* _Source material_

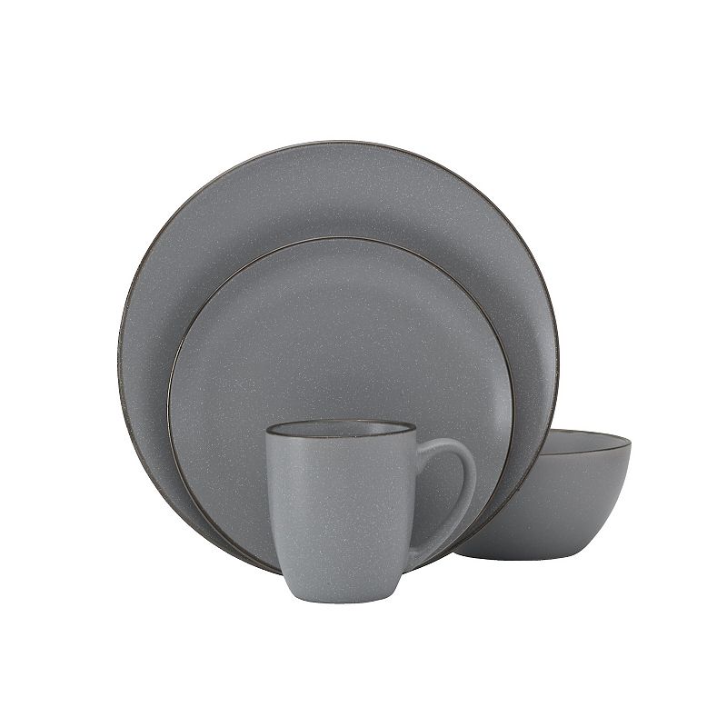 Gourmet Basics Juliana Gray Speckling 16-pc. Dinnerware Set, GreyThis Gourmet Basics dinnerware set is an elegant choice for any hosting occasion.PRODUCT FEATURES Speckled gray design with metallic rim Durable stoneware construction ensures lasting use WHAT'S INCLUDED Four 10.5-in. dinner plates Four 8.25-in. salad plates Four 6-in. soup cereal bowls Four 13-oz. mugs Stoneware DishwGourmet Basics
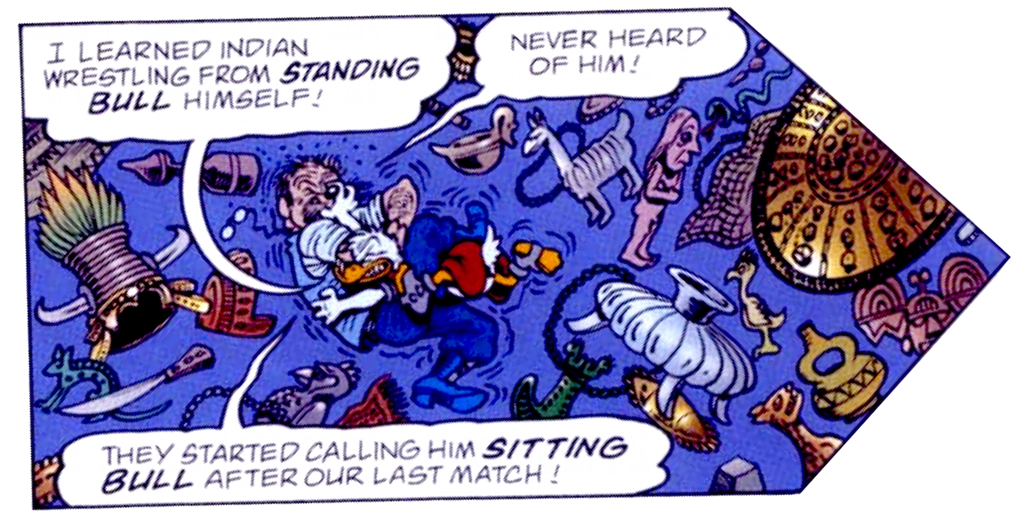 By 1906, Sitting Bull was known as a famous Amerindian chief. As they fought for ownership of the Stone Jaguar, Scrooge McDuck told Theodore Roosevelt that he had learned "Indian wrestling" from Sitting Bull, then Standing Bull, and had reduced him to changing his name to ‘Sitting’ Bull after their last match, the student having surpassed the teacher.
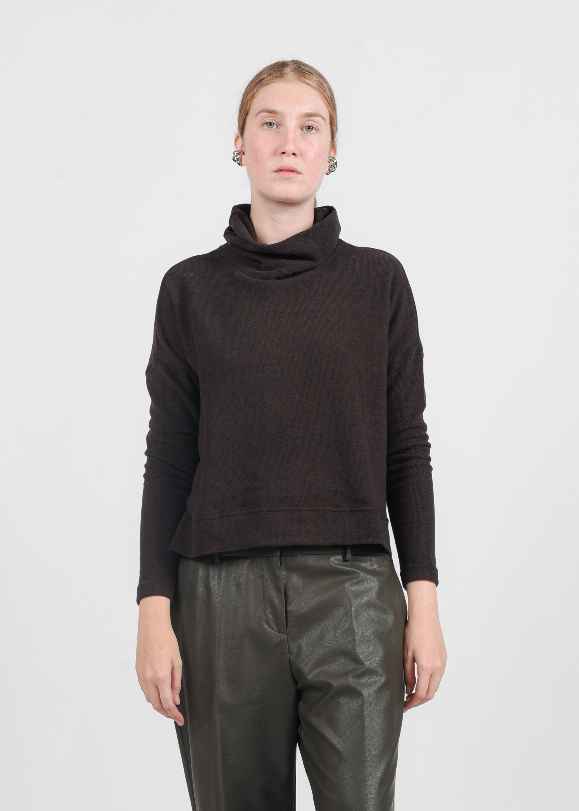 Maglia a collo alto morbido dal taglio boxy, modello scatoletta, per un fit comodo e moderno. Realizzata in 48% cotone, 48% poliestere e 4% elastan, garantisce morbidezza, comfort e leggerezza.
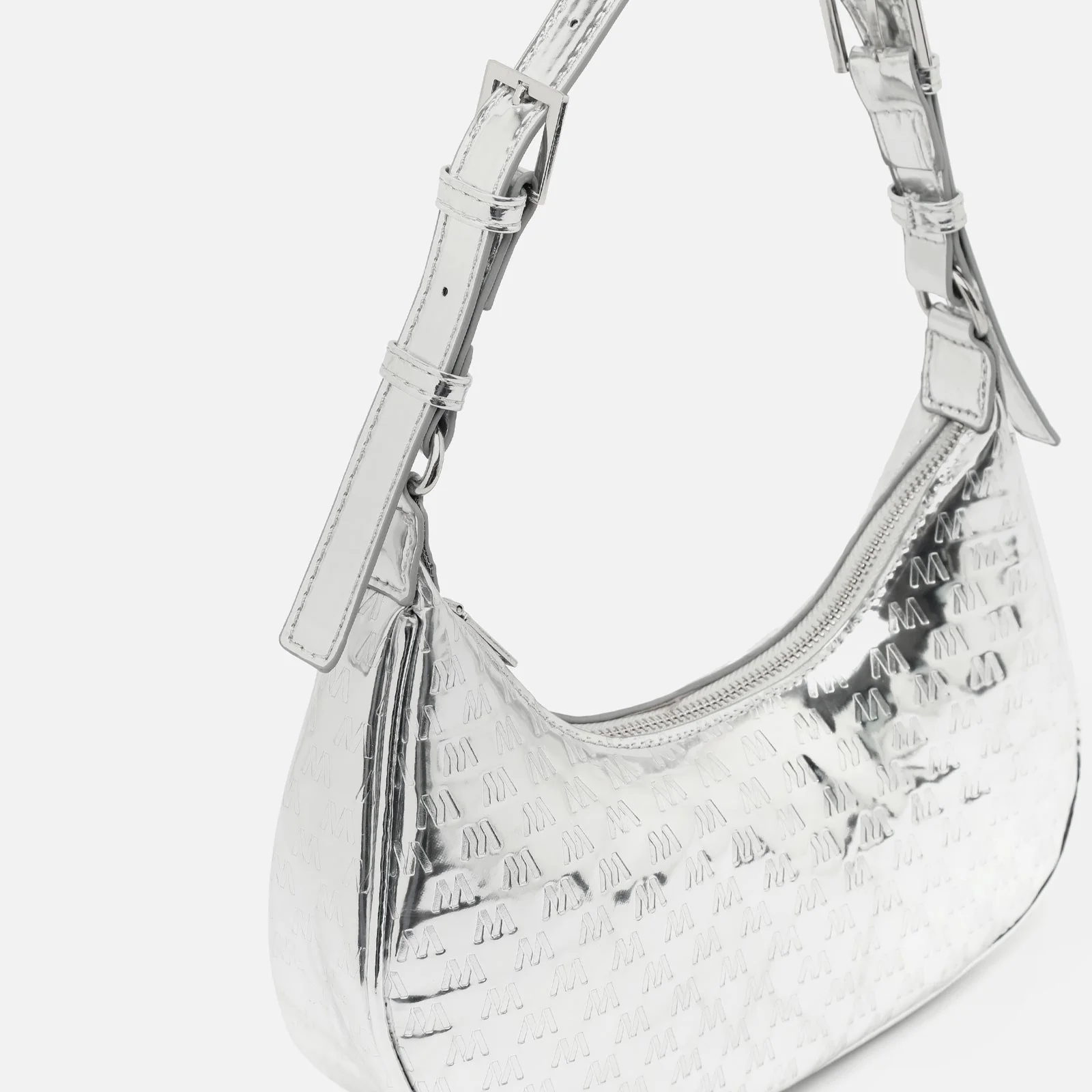 Diseño compacto en un modelo que marca la diferencia. El bolso Misra de Misako está confeccionado en un tejido con efecto metalizado, decorado con el icónico monograma de la marca grabado all over, lo que le aporta un brillo y estilo únicos.
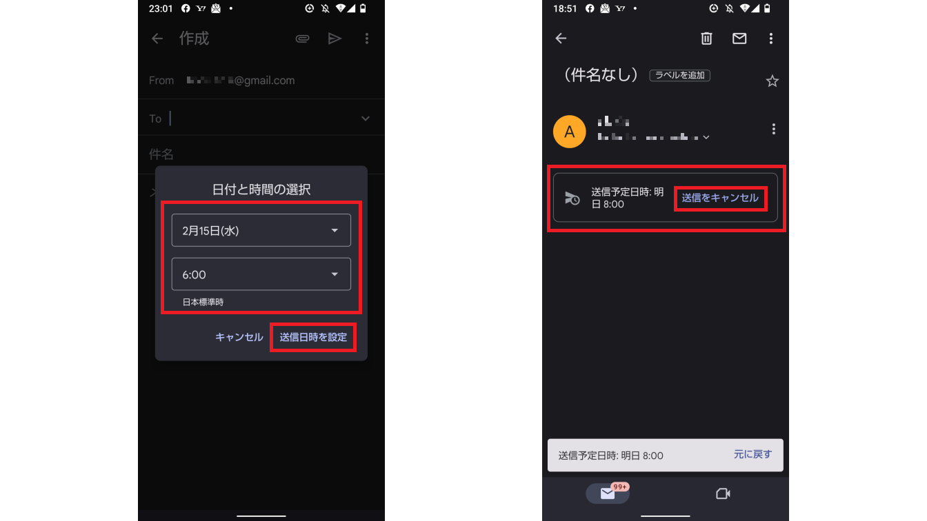 メールには「送信予定」のラベルが設定されます。なお送信を止める場合は「送信をキャンセル」を押せば「下書き」に戻ります。
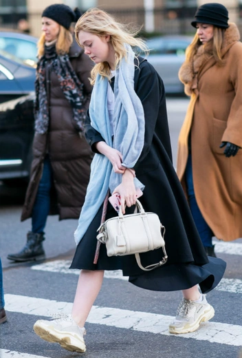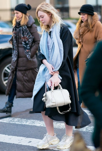 Легкая многослойность и массивные кроссовки составили стильную casual-комбинацию этого образа. Эль выглядит немного уставшей: зима берет все-таки свое. Правда, на чувстве стиля актрисы это никак не сказывается, поэтому продолжаем ловить ее стритстайл-выходы в светской фотохронике.
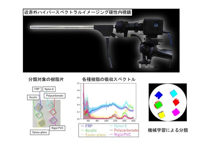 今回、本研究グループはスーパーコンティニューム光源と音響光学調整可能フィルターを使用し、可視光から近赤外領域までのHSIが可能な独自の硬性内視鏡を開発しました。そして、6種類の樹脂片のHSIデータを取得し、ニューラルネットワークを用いて同系色の樹脂を分類できるかどうかを検討しました。
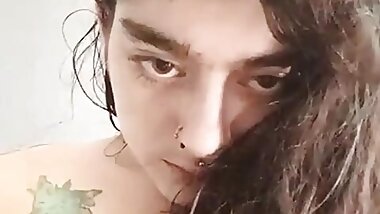 "A slim dark haired babe from Germany playing with her partner's massive tits"
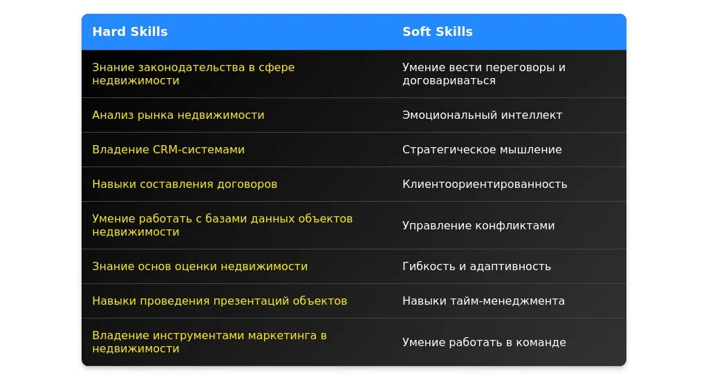 После адаптации: Ведение переговоров с агентствами недвижимости, работа в CRM-системах, знание законодательства в сфере недвижимости.
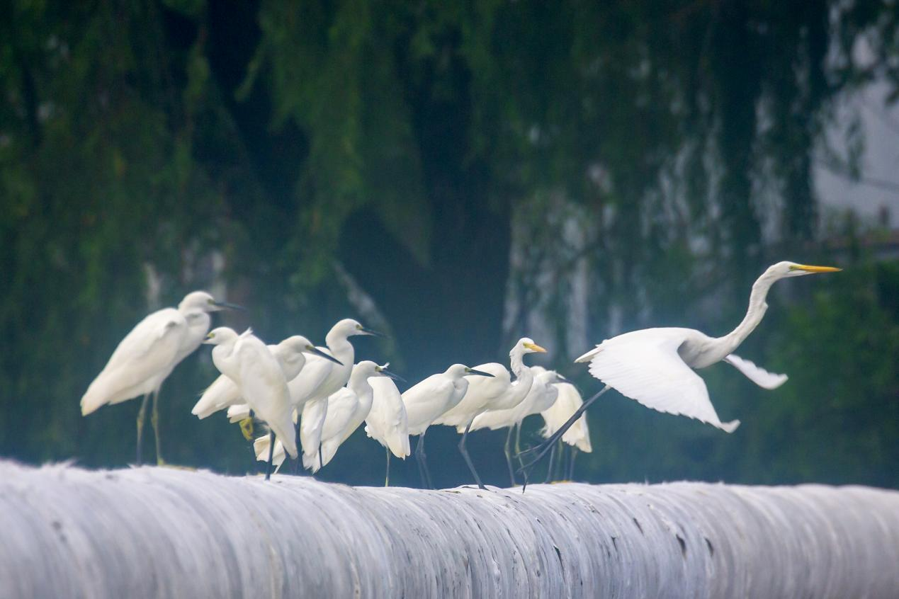 8月15日,五莲县洪凝河畔,水清草绿,引来白鹭嬉戏。王义全 摄

* _Exercise goal_
Repeat word for word the lines above, from the first entry through the line containing "Maglia a collo", with both ends kept and the pictures dropped.

* _Solution for this exercise_
 Gourmet Basics Juliana Gray Speckling 16-pc. Dinnerware Set, GreyThis Gourmet Basics dinnerware set is an elegant choice for any hosting occasion.PRODUCT FEATURES Speckled gray design with metallic rim Durable stoneware construction ensures lasting use WHAT'S INCLUDED Four 10.5-in. dinner plates Four 8.25-in. salad plates Four 6-in. soup cereal bowls Four 13-oz. mugs Stoneware DishwGourmet Basics
 By 1906, Sitting Bull was known as a famous Amerindian chief. As they fought for ownership of the Stone Jaguar, Scrooge McDuck told Theodore Roosevelt that he had learned "Indian wrestling" from Sitting Bull, then Standing Bull, and had reduced him to changing his name to ‘Sitting’ Bull after their last match, the student having surpassed the teacher.
 Maglia a collo alto morbido dal taglio boxy, modello scatoletta, per un fit comodo e moderno. Realizzata in 48% cotone, 48% poliestere e 4% elastan, garantisce morbidezza, comfort e leggerezza.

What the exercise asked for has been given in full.